Perante este cenário, cabe aos orgãos de governo próprio dos Açores e a outros responsáveis açorianos, um papel relevante na descoberta de novas vias de progresso e desenvolvimento para as populações destas nove ilhas.
A crise económica e social que abala a União Europeia dos 27, não será ultrapassada pela alternância das viragens à direita ou à esquerda, enquanto se mantiver o atual paradigma económico e financeiro que levou à bancarrota alguns países, mais por culpa dos donos do capital, os quais, sem escrúpulos nem regras, acumulam, impunemente, fortunas fabulosas.
Os Açores devem encontrar vias diferentes de desenvolvimento.

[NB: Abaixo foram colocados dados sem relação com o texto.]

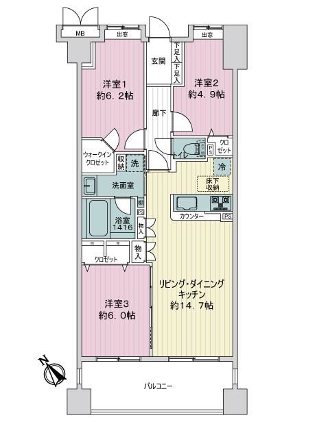 ・南西向きの3LDK、全居室フローリング

A economia do futuro assentará no ambiente, nas energias renováveis e na proteção da natureza; na ZEE e nas enormes potencialidades dos fundos marinhos; na aposta na agricultura biológica; na economia da saúde, do bem-estar e dos tempos livres; na localização geo-estratética do arquipélago no apoio às tecnologias da informação e comunicação; e numa aposta forte na formação profissional e técnica dos trabalhadores para desenvolver estas áreas.
À Universidade dos Açores está reservado um papel fulcral e determinante na investigação e conceção de projetos criativos e inovadores que envolvam empresários e investidores.
Não há tempo a perder.
Os açorianos têm na sua matriz genética um dinamismo que os levou a construir novas pátrias além-mar, sem passagem de regresso.
Chegou a hora de ficar e de chamar os que partiram para construirmos aqui uma nova ordem económica, configurada com a dimensão das ilhas, do mar, do ambiente e da beleza que nos distingue.
Este é um projeto consistente e com futuro.